RECORDS FOR THE TASK:
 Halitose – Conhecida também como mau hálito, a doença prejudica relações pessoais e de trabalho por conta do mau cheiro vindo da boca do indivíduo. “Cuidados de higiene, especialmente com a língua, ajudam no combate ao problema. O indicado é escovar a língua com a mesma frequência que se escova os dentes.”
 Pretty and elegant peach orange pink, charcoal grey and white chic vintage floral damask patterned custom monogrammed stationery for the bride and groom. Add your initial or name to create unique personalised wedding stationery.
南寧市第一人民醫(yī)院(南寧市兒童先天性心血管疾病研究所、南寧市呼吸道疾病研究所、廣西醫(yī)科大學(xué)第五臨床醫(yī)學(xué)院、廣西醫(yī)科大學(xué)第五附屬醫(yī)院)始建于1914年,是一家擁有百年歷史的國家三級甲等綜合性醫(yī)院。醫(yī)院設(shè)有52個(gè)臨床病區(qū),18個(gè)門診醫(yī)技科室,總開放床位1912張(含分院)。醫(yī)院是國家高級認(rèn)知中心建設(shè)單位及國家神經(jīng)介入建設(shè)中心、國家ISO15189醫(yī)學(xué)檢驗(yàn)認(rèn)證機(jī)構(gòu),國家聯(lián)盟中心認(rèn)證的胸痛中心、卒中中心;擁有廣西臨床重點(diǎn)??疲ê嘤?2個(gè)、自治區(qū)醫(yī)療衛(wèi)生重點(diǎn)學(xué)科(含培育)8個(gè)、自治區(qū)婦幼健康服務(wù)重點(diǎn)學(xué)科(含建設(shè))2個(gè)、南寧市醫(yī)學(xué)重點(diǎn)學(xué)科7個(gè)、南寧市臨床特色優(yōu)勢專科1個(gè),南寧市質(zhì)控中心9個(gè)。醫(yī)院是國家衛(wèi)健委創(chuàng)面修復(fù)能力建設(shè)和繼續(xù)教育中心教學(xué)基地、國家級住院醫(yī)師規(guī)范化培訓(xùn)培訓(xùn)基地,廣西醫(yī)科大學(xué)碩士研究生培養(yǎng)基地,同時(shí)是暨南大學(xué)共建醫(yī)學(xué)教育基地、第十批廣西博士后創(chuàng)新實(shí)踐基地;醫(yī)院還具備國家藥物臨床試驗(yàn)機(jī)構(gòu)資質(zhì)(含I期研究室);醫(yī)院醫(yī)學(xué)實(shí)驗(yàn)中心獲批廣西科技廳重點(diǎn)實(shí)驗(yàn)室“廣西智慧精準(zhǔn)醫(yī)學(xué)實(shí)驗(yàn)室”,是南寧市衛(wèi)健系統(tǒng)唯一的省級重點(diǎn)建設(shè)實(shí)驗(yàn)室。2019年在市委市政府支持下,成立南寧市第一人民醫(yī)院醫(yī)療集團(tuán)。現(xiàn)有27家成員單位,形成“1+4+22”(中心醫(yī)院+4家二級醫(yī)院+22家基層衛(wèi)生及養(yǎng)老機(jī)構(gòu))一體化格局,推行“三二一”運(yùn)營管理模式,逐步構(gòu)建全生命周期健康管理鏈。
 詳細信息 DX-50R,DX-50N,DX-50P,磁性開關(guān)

...

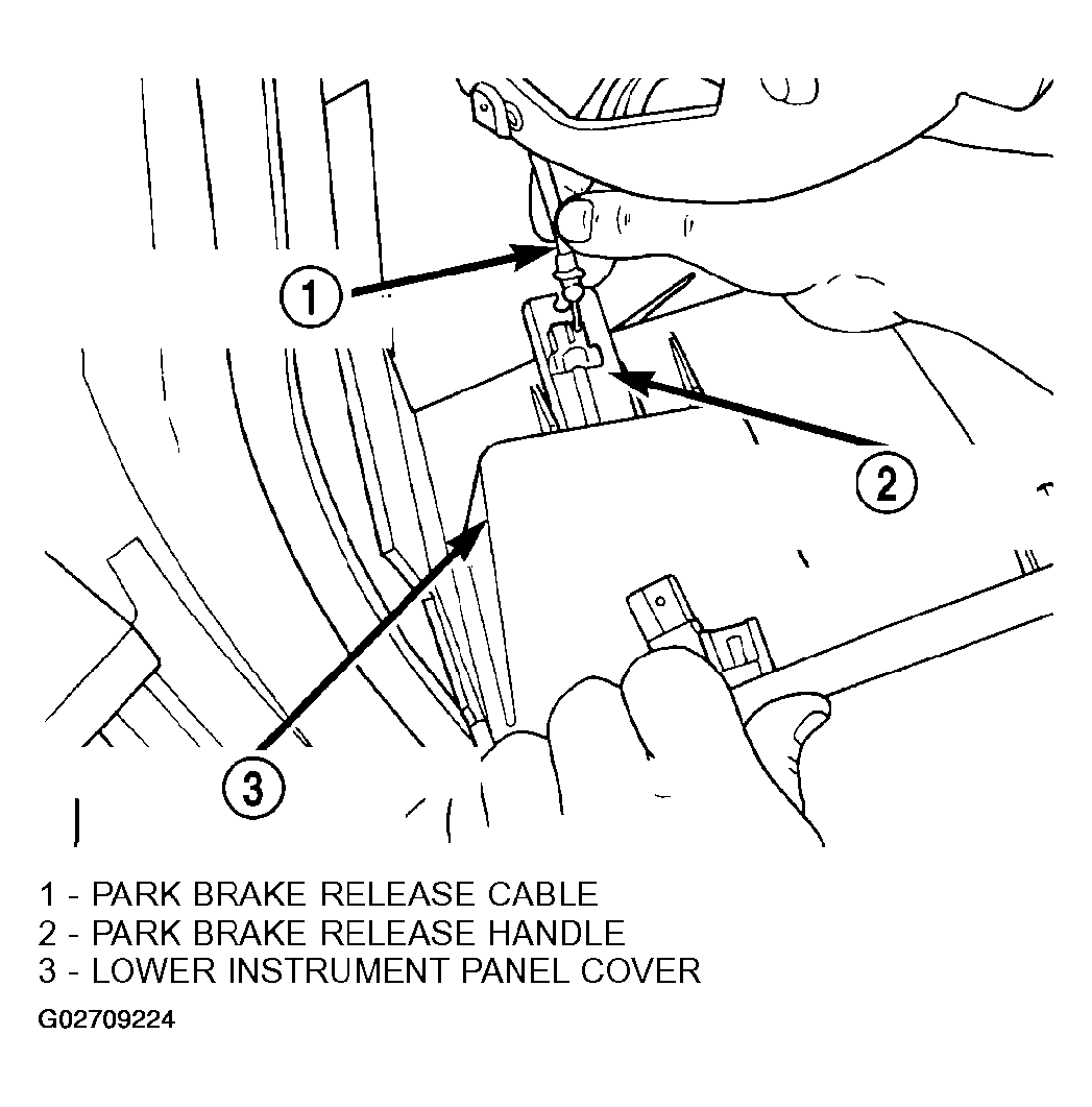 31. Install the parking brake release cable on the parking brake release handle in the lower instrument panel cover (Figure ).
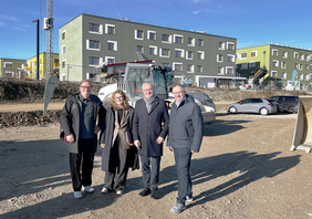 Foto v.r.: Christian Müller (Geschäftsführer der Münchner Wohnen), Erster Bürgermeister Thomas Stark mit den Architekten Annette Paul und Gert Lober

...

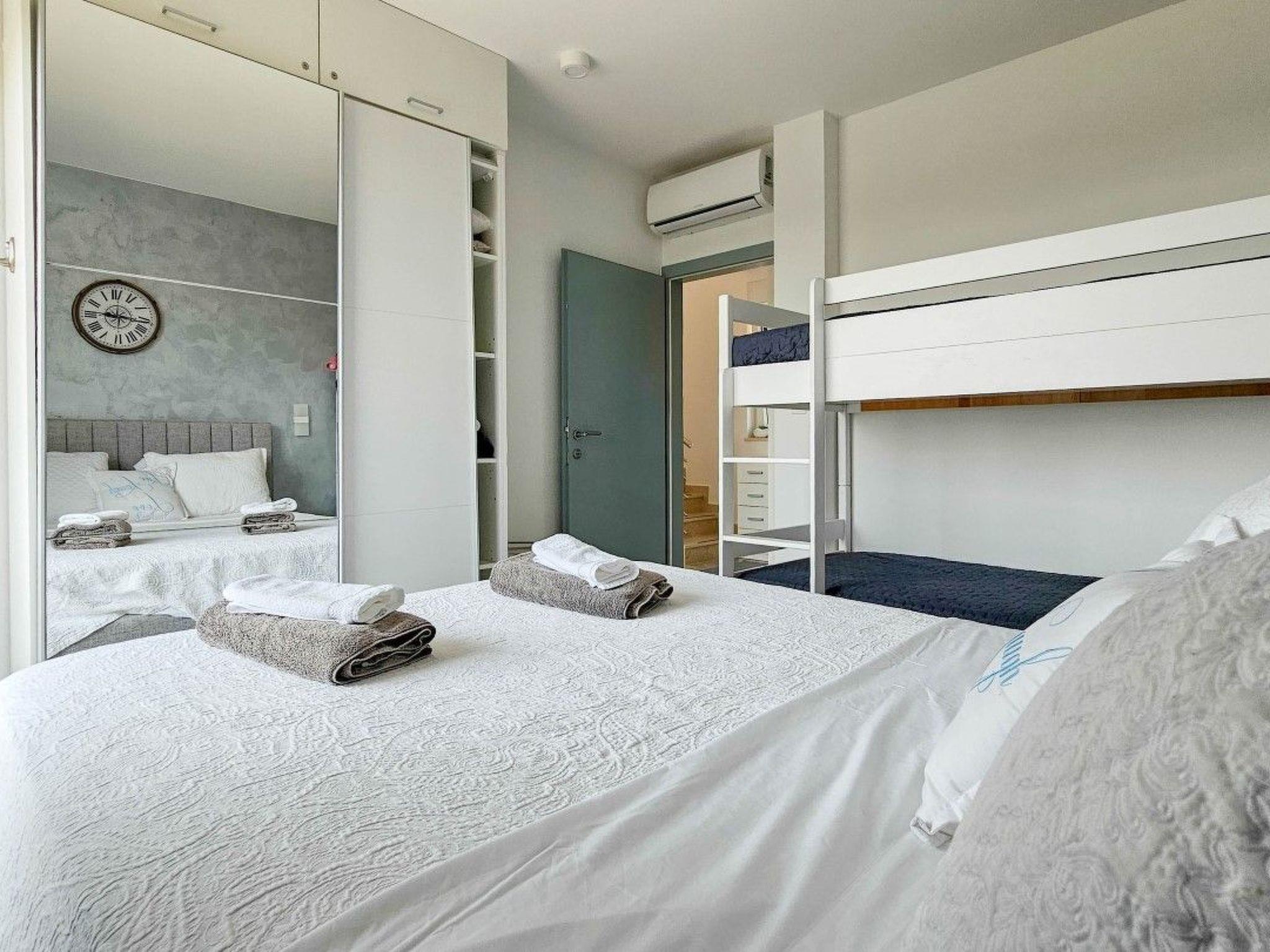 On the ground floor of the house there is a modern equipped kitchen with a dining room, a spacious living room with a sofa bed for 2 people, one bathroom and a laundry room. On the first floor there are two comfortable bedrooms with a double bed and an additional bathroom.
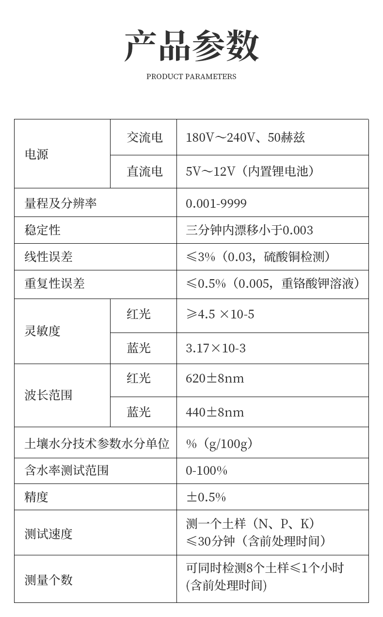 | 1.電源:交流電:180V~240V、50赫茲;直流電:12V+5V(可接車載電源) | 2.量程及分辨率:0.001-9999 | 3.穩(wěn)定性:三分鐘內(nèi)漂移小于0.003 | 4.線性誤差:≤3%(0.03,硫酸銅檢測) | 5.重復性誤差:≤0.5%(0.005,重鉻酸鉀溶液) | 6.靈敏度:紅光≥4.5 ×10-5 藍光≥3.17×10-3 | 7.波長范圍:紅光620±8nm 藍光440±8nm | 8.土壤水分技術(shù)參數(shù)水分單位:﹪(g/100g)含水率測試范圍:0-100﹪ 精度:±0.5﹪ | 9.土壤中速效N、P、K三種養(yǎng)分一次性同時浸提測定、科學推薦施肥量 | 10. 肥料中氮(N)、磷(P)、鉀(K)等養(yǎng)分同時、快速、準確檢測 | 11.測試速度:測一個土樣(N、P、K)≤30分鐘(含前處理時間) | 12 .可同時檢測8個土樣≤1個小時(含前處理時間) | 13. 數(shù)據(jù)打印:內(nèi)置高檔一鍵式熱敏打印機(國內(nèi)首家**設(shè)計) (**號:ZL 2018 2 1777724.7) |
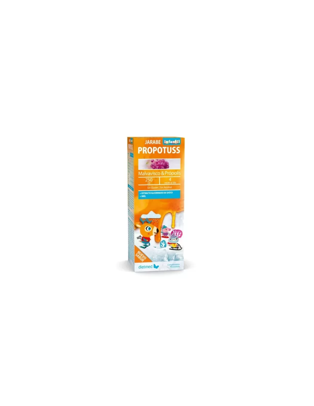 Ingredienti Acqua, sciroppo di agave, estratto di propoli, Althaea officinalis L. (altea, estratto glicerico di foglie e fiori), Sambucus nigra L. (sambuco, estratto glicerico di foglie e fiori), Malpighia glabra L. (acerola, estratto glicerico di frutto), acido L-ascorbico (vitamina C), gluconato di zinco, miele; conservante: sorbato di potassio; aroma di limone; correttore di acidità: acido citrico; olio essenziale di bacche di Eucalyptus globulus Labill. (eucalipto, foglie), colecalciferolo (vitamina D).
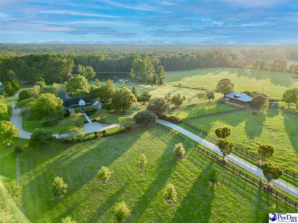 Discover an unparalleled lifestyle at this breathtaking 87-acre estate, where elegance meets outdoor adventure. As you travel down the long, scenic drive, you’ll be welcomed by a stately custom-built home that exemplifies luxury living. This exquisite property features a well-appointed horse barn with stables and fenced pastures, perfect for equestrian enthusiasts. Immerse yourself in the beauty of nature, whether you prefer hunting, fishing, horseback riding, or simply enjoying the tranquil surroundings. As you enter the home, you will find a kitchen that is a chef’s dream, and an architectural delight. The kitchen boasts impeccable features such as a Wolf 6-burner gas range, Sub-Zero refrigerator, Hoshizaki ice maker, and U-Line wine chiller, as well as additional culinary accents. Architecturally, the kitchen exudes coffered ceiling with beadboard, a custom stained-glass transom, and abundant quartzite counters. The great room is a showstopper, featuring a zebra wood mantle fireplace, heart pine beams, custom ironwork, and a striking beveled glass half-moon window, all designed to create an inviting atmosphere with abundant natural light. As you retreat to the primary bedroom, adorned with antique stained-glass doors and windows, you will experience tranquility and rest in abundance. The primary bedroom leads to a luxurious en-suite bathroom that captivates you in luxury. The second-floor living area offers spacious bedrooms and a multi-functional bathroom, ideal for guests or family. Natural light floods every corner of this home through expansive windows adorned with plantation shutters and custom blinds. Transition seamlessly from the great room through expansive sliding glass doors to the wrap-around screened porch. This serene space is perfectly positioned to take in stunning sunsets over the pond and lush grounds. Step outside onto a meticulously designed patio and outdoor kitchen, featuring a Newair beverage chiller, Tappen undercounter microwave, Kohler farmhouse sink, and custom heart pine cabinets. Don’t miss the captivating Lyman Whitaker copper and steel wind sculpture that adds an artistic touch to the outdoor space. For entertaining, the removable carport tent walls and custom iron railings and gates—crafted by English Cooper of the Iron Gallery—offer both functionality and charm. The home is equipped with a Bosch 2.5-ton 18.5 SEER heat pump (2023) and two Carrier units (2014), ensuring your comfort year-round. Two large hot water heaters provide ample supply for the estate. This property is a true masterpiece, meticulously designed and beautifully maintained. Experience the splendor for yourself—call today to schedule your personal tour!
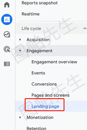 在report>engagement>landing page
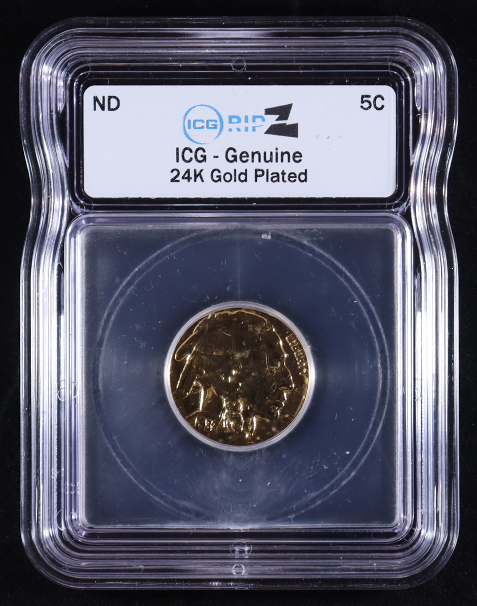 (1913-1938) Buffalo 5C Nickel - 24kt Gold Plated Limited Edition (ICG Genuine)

WORK TO COMPLETE:
Go back to the listing above and write out the lines starting at the one with "在report>engagement>landing page" and ending at the one with "(1913-1938) Buffalo 5C", inclusive, exactly and without pictures.

FINISHED TASK:
 在report>engagement>landing page
 (1913-1938) Buffalo 5C Nickel - 24kt Gold Plated Limited Edition (ICG Genuine)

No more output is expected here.